Copy out the lines of the records below, and only those lines, from the one with "玩家切换此称谓时,能够获得一种稀有变身效果。 冠军:年 亚军:范式之魂" through the one with "Vintage Signed PW", exactly as they appear.
|---|
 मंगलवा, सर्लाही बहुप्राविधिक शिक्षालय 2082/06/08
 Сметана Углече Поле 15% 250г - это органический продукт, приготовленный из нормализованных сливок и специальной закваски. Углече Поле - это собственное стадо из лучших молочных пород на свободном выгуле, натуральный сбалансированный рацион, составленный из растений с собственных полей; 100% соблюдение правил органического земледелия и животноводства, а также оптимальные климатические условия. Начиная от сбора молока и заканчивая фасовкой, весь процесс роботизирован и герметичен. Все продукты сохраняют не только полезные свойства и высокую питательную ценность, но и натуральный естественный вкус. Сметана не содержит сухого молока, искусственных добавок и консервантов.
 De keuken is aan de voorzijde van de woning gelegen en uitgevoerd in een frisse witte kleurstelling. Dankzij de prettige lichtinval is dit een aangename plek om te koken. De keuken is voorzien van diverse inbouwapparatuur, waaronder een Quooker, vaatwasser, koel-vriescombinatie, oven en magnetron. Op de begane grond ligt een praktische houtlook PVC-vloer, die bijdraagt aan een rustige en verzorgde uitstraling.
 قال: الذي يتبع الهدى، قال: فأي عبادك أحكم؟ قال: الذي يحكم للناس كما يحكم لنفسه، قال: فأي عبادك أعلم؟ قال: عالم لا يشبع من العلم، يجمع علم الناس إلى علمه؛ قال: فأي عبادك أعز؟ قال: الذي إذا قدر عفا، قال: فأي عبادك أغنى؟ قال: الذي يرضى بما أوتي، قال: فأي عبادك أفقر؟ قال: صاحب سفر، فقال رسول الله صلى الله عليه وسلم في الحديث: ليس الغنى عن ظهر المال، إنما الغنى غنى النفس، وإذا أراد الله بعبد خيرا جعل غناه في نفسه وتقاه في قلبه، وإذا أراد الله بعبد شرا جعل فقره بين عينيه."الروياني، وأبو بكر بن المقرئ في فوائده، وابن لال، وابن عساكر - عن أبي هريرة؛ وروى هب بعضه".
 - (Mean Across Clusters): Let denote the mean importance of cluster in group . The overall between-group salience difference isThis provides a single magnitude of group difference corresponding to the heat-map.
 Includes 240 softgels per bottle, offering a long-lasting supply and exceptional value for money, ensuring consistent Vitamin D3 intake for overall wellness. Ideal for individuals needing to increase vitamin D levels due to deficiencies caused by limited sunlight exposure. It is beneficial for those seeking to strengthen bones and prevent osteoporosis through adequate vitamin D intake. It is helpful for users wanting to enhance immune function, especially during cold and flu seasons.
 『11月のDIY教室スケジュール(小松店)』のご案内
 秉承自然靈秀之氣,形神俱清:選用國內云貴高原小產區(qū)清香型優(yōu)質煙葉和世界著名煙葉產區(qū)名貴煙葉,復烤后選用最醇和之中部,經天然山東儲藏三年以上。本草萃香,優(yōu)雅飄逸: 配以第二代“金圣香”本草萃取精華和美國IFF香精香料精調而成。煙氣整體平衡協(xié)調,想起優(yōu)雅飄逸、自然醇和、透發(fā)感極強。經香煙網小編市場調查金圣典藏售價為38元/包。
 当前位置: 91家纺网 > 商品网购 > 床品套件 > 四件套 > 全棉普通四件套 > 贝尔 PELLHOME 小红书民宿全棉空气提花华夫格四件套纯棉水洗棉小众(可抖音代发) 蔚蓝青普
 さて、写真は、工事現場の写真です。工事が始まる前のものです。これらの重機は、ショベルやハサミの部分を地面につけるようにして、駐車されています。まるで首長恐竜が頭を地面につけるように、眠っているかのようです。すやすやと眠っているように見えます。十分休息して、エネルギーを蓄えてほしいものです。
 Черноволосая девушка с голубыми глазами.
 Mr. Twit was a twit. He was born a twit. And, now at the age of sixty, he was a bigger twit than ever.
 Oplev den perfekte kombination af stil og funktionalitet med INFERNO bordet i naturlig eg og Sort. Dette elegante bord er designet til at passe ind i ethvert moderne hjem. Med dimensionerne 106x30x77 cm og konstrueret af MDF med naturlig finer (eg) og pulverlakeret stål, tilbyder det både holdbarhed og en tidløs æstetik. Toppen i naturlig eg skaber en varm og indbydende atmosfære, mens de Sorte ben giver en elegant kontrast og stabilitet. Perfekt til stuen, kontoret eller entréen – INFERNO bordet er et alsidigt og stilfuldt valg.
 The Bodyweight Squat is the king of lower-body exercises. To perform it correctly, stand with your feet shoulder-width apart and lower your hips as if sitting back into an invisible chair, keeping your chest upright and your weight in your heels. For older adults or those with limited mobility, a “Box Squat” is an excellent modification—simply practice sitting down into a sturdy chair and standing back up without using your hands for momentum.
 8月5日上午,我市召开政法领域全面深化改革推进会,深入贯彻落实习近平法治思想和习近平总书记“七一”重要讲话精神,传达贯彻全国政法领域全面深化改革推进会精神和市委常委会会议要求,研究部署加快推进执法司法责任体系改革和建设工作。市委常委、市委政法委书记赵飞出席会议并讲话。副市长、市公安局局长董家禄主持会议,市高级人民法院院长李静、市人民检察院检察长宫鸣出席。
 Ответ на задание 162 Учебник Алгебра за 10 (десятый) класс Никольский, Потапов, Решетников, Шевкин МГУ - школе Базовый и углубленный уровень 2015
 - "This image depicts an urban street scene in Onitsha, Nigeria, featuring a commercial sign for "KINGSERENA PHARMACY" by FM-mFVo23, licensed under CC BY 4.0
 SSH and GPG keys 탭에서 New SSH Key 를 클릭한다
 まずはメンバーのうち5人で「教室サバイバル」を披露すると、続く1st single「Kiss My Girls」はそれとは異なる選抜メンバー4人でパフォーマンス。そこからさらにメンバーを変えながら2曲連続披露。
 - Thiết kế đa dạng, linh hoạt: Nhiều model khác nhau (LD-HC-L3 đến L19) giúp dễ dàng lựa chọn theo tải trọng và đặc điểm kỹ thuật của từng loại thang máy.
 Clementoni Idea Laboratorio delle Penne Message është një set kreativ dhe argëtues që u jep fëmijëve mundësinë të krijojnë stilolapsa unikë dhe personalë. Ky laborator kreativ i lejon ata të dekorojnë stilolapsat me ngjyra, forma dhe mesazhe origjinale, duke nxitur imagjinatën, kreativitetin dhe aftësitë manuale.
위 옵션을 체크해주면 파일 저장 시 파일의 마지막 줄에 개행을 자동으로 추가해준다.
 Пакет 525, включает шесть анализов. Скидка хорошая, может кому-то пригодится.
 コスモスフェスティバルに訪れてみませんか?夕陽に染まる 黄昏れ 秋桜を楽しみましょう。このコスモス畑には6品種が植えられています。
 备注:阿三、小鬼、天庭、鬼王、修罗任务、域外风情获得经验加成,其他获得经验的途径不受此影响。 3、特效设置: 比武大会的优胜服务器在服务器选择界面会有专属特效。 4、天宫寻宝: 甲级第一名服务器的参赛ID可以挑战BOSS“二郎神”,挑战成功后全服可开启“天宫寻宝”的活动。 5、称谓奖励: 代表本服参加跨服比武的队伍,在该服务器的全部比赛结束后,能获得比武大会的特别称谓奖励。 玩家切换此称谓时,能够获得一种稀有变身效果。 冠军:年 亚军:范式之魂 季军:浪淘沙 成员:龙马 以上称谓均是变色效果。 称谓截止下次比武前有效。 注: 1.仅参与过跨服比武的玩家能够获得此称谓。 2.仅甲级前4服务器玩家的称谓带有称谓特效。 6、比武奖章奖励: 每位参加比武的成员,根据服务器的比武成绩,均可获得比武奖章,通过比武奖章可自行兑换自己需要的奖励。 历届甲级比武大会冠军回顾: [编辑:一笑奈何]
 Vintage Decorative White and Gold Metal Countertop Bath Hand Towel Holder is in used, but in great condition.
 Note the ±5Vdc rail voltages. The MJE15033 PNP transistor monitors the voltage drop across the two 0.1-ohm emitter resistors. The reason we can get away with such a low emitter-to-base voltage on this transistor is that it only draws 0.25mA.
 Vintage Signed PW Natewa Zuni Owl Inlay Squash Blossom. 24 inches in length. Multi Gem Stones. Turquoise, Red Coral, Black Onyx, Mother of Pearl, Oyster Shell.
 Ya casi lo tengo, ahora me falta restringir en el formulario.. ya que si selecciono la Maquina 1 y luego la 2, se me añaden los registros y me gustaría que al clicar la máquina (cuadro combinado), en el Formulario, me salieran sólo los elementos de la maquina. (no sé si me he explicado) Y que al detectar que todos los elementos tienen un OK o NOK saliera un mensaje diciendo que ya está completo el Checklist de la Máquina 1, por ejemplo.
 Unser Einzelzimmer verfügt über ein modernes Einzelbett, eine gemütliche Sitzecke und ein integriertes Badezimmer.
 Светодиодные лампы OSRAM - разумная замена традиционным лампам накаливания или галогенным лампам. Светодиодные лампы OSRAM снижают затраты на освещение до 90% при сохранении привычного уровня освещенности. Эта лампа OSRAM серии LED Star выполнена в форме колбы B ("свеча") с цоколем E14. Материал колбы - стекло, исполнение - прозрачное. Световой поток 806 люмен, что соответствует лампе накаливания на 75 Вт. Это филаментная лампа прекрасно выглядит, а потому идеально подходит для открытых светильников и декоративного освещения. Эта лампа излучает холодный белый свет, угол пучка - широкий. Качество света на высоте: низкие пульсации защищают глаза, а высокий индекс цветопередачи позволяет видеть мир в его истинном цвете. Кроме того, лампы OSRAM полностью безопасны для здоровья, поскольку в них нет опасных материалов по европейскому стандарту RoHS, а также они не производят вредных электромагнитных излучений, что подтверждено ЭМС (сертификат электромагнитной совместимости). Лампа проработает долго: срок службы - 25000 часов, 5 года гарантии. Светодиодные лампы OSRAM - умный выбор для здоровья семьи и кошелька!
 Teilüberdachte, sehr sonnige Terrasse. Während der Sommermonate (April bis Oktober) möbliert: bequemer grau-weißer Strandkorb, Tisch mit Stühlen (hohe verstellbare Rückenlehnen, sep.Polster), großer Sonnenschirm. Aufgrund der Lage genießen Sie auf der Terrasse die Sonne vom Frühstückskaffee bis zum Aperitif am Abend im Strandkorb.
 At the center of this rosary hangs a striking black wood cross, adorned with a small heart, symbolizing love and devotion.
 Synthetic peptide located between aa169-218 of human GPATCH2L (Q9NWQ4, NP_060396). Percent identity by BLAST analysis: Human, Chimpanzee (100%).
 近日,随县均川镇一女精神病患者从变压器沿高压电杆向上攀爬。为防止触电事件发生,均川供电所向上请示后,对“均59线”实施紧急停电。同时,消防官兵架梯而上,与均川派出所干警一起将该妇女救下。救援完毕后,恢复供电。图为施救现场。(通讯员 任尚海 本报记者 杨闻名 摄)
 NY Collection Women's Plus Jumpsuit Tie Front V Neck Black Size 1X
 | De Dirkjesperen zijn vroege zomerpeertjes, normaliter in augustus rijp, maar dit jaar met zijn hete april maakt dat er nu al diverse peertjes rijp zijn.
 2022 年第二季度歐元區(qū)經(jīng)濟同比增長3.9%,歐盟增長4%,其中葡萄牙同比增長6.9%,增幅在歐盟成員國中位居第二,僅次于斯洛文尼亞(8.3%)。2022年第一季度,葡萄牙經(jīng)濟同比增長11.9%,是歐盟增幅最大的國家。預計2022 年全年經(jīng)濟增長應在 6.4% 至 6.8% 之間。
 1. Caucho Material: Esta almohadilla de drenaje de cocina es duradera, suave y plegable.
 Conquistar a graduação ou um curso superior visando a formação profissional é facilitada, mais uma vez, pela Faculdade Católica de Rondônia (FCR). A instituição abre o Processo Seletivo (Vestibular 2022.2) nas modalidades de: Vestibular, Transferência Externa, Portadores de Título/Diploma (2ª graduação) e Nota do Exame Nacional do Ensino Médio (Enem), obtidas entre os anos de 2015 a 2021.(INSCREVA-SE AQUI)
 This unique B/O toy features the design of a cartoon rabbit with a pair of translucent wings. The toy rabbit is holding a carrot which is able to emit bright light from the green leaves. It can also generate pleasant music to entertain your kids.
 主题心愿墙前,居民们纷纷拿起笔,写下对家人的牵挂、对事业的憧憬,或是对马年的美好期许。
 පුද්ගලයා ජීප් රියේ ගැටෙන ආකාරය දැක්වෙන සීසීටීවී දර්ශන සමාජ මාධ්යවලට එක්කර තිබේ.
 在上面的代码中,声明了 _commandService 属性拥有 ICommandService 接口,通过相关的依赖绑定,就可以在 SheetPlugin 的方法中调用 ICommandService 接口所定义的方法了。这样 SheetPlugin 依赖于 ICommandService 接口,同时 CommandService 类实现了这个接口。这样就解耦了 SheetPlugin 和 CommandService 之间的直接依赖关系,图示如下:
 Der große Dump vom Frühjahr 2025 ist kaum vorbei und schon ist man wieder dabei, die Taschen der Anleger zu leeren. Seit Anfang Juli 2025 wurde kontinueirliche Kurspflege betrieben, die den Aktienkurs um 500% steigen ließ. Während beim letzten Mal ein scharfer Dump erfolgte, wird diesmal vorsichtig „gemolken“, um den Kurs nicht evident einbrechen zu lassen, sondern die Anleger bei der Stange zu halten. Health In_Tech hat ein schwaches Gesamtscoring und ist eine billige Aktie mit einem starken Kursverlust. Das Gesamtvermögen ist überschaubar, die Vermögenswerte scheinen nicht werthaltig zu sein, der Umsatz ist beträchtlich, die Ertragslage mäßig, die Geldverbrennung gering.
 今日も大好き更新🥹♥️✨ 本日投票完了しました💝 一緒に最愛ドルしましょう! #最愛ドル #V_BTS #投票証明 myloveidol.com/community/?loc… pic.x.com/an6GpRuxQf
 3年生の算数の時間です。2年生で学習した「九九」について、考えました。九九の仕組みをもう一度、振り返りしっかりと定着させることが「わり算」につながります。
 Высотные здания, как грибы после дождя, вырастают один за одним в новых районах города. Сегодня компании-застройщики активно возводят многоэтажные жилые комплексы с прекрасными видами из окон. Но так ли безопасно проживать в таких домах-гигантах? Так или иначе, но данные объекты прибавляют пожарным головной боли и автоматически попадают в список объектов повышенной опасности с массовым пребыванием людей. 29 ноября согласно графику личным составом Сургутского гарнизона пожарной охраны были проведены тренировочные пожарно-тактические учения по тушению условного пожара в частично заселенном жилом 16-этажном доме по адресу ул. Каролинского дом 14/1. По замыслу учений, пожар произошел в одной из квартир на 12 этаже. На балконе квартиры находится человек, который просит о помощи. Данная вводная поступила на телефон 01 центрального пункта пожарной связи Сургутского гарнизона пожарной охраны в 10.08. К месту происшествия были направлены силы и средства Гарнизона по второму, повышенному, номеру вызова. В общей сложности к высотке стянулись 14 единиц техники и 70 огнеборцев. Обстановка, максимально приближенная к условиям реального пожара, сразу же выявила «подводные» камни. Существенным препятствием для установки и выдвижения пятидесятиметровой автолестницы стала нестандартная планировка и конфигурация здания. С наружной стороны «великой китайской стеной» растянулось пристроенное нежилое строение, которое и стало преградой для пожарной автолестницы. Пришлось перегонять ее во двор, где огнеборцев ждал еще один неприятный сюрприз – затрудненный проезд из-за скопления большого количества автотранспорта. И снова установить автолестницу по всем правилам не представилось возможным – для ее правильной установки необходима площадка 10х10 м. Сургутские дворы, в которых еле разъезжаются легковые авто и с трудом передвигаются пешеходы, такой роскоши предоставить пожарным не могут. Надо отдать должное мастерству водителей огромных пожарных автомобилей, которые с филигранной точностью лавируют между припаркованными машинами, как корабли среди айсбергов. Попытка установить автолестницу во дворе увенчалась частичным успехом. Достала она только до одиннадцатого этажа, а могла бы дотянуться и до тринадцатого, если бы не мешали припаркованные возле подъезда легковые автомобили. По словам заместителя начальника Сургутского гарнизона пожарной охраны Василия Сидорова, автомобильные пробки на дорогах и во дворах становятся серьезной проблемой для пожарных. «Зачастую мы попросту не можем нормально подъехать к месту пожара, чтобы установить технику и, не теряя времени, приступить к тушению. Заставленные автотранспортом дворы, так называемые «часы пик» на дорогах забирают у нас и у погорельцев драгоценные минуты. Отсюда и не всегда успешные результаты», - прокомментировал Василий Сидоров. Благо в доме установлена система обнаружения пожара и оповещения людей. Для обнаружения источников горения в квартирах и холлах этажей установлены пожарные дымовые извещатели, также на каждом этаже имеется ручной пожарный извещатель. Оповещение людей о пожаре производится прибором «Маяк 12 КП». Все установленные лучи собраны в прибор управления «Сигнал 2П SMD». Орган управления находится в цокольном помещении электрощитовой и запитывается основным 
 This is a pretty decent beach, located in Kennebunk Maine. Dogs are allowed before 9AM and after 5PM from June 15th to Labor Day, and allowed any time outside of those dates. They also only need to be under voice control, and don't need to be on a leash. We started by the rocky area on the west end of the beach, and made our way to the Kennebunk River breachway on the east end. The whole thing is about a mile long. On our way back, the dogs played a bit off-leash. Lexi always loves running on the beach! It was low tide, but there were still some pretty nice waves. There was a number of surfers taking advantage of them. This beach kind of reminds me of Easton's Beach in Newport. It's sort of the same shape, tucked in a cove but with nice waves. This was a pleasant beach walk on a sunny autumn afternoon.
|---|
Written solution →
 备注:阿三、小鬼、天庭、鬼王、修罗任务、域外风情获得经验加成,其他获得经验的途径不受此影响。 3、特效设置: 比武大会的优胜服务器在服务器选择界面会有专属特效。 4、天宫寻宝: 甲级第一名服务器的参赛ID可以挑战BOSS“二郎神”,挑战成功后全服可开启“天宫寻宝”的活动。 5、称谓奖励: 代表本服参加跨服比武的队伍,在该服务器的全部比赛结束后,能获得比武大会的特别称谓奖励。 玩家切换此称谓时,能够获得一种稀有变身效果。 冠军:年 亚军:范式之魂 季军:浪淘沙 成员:龙马 以上称谓均是变色效果。 称谓截止下次比武前有效。 注: 1.仅参与过跨服比武的玩家能够获得此称谓。 2.仅甲级前4服务器玩家的称谓带有称谓特效。 6、比武奖章奖励: 每位参加比武的成员,根据服务器的比武成绩,均可获得比武奖章,通过比武奖章可自行兑换自己需要的奖励。 历届甲级比武大会冠军回顾: [编辑:一笑奈何]
 Vintage Decorative White and Gold Metal Countertop Bath Hand Towel Holder is in used, but in great condition.
 Note the ±5Vdc rail voltages. The MJE15033 PNP transistor monitors the voltage drop across the two 0.1-ohm emitter resistors. The reason we can get away with such a low emitter-to-base voltage on this transistor is that it only draws 0.25mA.
 Vintage Signed PW Natewa Zuni Owl Inlay Squash Blossom. 24 inches in length. Multi Gem Stones. Turquoise, Red Coral, Black Onyx, Mother of Pearl, Oyster Shell.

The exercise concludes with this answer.